Она держала позу ровно столько, чтобы публика догадалась, кого она изображает, а затем снова скрывалась под покрывалом. Потом опять сбрасывала длинную шаль, открывая другую фигуру, в другом наряде – она знала сотню разных способов драпировки. Одна поза сменяла другую, почти без перерыва, десять-двенадцать раз за представление.
* * *Впервые она позировала внутри высокого обитого бархатом ящика, открытого с одной стороны, затем – в огромной золоченой раме. Но вскоре Кавалер понял: достаточно одного обрамления – ее артистизма. Сама судьба подготовила ее стать собранием живых статуй Кавалера.
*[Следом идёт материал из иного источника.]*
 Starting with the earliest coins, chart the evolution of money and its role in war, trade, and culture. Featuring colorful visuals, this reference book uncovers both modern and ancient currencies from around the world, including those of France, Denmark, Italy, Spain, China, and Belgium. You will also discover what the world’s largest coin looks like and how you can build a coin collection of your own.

В четырнадцать лет, едва попав в Лондон, девушка мечтала стать актрисой – как те блестящие создания, гордо покидавшие служебную дверь «Друри-Лейн», за которыми она наблюдала по вечерам. В пятнадцать она – едва одетая участница tableaux vivant[13] в кабинете модного сексопатолога. Она научилась стоять неподвижно, дышать незаметно, не шевелить мускулами лица – изображая полнейшее равнодушие к сексуальным экзерсисам, исполняемым под наблюдением доктора Грэма на Райском Ложе, прямо у нее под носом. В семнадцать ей довелось стать любимой моделью одного из величайших портретистов эпохи. Здесь она научилась вызывать в себе соответствующие сюжету эмоции, мимически выражать их и долгое время удерживать на лице. Художник признавался, что ей нередко удавалось его удивить, вдохновить на новую концепцию воплощения сюжета. Он говорил, что она – соратник, а не просто модель. Перед Кавалером она изображала саму себя, позирующую – одну за другой принимала требуемые позы. Череда живых фресок на тему античных мифов и литературных сюжетов.
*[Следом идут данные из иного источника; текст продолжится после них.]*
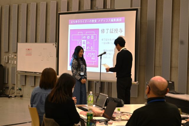 最後に、ぎふメディアコスモス館長から受講生一人ひとりに修了証を渡し、集合写真を撮影して第5期の講座の全行程が終了となりました。

* * *Они стремились очень точно все воссоздать. Сначала выбирался сюжет. Затем Кавалер открывал книги и показывал юной женщине иллюстрации либо отводил к соответствующей картине или статуе из своей коллекции. Они обсуждали древние мифы. Ей хотелось показать их все до единого. Затем, когда она вживалась в сюжет, наступала самая интересная часть постановки – поиск нужного момента, итогового момента, в котором сконцентрирована суть происходящего, момента, который раскрывает характер персонажа, его судьбу, его чувства. Такой же трудный выбор приходится делать каждому художнику. Как писал Дидро: «Для художника есть только одно мгновение, два разных мгновения он изобразить не может, как не может изобразить два последовательных движения».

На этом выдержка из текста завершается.